The preceding programs behaved as clients that connect to a server somewhere on the Internet and request a particular service. Now we set up such a service to mimic the behavior of the ‘daytime’ service. Such a server does not know in advance who is going to connect to it over the network. Therefore, we cannot insert a name for the host to connect to in our special file name.

Start the following program in one window. Notice that the service does not have the name ‘daytime’, but the number ‘8888’. From looking at ‘/etc/services’, you know that names like ‘daytime’ are just mnemonics for predetermined 16-bit integers. Only the system administrator (root) could enter our new service into ‘/etc/services’ with an appropriate name. Also notice that the service name has to be entered into a different field of the special file name because we are setting up a server, not a client:

 
BEGIN {
  print strftime() |& "/inet/tcp/8888/0/0"
  close("/inet/tcp/8888/0/0")
}

Now open another window on the same machine. Copy the client program given as the first example (see section Establishing a TCP Connection) to a new file and edit it, changing the name ‘daytime’ to ‘8888’. Then start the modified client. You should get a reply like this:

 
Sat Sep 27 19:08:16 CEST 1997

Both programs explicitly close the connection.

Now we will intentionally make a mistake to see what happens when the name ‘8888’ (the so-called port) is already used by another service. Start the server program in both windows. The first one works, but the second one complains that it could not open the connection. Each port on a single machine can only be used by one server program at a time. Now terminate the server program and change the name ‘8888’ to ‘echo’. After restarting it, the server program does not run any more, and you know why: there is already an ‘echo’ service running on your machine. But even if this isn't true, you would not get your own ‘echo’ server running on a Unix machine, because the ports with numbers smaller than 1024 (‘echo’ is at port 7) are reserved for root. On machines running some flavor of Microsoft Windows, there is no restriction that reserves ports 1 to 1024 for a privileged user; hence, you can start an ‘echo’ server there.

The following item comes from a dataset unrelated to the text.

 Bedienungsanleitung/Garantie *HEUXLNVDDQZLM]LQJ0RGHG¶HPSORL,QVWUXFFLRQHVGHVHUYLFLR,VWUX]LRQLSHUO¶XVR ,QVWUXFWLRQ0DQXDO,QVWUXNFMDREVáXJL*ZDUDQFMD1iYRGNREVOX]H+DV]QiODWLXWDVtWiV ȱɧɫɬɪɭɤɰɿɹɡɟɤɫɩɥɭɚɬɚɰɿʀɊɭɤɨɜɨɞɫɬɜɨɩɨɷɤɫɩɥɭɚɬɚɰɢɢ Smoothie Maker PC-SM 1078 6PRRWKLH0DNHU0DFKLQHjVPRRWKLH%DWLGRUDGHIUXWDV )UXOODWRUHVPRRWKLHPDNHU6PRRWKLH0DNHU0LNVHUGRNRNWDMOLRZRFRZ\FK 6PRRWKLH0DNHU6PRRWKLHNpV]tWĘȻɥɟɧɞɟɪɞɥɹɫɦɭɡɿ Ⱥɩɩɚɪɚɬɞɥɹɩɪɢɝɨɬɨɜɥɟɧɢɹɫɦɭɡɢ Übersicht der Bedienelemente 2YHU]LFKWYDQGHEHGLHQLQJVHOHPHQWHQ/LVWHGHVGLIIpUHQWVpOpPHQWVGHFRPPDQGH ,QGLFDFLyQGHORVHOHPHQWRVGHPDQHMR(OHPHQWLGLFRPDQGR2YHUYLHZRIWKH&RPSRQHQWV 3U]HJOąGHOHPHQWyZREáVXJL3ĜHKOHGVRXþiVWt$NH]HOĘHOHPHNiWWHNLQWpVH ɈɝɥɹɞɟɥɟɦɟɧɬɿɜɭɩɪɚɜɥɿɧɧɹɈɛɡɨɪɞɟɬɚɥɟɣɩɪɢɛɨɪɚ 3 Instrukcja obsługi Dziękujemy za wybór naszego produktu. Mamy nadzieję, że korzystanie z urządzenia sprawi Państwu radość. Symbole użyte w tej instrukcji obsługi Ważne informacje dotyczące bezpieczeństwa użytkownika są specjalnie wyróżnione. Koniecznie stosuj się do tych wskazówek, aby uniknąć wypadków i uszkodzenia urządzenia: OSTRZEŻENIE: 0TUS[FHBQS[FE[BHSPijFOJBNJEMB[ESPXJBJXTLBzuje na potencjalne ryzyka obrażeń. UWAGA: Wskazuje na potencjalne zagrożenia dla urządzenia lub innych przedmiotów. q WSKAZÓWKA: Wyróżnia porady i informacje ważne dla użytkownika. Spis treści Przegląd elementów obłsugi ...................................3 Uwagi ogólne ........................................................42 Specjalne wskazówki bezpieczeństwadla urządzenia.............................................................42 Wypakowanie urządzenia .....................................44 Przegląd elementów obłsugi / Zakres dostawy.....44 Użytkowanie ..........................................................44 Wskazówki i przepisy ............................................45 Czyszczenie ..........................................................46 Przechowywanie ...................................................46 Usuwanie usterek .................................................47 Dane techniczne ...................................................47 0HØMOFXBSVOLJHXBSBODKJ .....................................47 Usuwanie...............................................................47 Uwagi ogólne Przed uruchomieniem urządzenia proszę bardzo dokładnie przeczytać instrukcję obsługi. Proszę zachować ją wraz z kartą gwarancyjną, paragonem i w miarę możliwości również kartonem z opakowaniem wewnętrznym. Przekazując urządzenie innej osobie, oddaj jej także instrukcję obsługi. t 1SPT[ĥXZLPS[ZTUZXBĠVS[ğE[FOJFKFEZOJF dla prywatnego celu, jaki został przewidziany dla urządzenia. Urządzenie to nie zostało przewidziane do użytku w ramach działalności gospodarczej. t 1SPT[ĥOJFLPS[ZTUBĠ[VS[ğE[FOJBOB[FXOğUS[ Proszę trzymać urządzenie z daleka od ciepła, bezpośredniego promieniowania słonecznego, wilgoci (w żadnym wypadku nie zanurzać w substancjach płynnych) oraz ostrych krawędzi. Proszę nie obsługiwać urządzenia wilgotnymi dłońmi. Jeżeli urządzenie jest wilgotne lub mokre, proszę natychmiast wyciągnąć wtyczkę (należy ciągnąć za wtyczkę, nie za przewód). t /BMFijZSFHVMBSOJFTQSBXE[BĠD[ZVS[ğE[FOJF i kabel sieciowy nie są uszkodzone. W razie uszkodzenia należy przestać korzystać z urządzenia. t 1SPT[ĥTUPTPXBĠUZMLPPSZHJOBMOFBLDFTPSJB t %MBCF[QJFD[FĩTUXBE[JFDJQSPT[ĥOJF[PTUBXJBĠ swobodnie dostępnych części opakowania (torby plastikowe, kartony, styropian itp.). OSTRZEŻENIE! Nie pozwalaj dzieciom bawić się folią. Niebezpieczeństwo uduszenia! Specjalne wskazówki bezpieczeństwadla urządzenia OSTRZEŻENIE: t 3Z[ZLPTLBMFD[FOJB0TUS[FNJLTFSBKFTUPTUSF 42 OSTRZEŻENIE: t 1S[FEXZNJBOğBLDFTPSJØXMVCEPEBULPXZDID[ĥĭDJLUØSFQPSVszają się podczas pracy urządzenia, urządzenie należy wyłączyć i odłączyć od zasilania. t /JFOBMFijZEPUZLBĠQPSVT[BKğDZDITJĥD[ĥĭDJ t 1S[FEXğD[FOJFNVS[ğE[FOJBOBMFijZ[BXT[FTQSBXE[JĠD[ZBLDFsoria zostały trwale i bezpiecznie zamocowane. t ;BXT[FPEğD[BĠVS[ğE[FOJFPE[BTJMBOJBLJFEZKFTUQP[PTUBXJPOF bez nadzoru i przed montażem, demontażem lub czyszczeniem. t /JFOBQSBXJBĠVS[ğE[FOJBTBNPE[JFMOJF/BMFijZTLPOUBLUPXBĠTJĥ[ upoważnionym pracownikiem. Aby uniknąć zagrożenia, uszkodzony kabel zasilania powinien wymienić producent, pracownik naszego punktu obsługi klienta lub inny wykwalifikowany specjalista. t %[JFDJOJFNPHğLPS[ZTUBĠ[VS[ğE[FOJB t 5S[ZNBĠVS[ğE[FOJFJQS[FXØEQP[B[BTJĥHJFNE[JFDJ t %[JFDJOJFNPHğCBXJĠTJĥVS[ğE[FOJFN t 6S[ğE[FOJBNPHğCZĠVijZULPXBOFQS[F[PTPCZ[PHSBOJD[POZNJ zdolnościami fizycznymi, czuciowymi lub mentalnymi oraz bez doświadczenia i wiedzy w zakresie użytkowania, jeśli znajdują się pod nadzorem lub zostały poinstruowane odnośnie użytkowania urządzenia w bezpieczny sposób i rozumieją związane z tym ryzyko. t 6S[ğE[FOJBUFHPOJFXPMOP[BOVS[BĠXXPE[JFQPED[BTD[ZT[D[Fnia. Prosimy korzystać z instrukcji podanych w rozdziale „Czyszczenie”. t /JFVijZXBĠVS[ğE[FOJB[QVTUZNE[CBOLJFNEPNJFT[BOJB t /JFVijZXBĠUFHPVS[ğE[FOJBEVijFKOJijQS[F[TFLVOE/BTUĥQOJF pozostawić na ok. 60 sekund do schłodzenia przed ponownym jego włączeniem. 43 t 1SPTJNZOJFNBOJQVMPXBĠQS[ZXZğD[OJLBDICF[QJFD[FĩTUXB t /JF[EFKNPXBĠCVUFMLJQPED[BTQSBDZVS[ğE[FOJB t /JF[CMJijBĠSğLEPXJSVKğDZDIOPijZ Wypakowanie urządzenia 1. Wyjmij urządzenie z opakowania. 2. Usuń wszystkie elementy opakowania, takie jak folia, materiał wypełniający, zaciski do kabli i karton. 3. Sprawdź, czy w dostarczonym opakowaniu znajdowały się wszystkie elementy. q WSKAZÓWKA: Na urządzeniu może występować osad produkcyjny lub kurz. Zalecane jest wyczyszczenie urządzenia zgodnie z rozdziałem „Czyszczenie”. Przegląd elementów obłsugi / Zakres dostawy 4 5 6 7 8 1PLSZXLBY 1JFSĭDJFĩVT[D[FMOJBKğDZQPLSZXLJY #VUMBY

Turning this short server program into something really useful is simple. Imagine a server that first reads a file name from the client through the network connection, then does something with the file and sends a result back to the client. The server-side processing could be:

 
BEGIN {
  NetService = "/inet/tcp/8888/0/0"
  NetService |& getline
  CatPipe    = ("cat " $1)    # sets $0 and the fields
  while ((CatPipe | getline) > 0)
    print $0 |& NetService
  close(NetService)
}

and we would have a remote copying facility. Such a server reads the name of a file from any client that connects to it and transmits the contents of the named file across the net. The server-side processing could also be the execution of a command that is transmitted across the network. From this example, you can see how simple it is to open up a security hole on your machine. If you allow clients to connect to your machine and execute arbitrary commands, anyone would be free to do ‘rm -rf *’.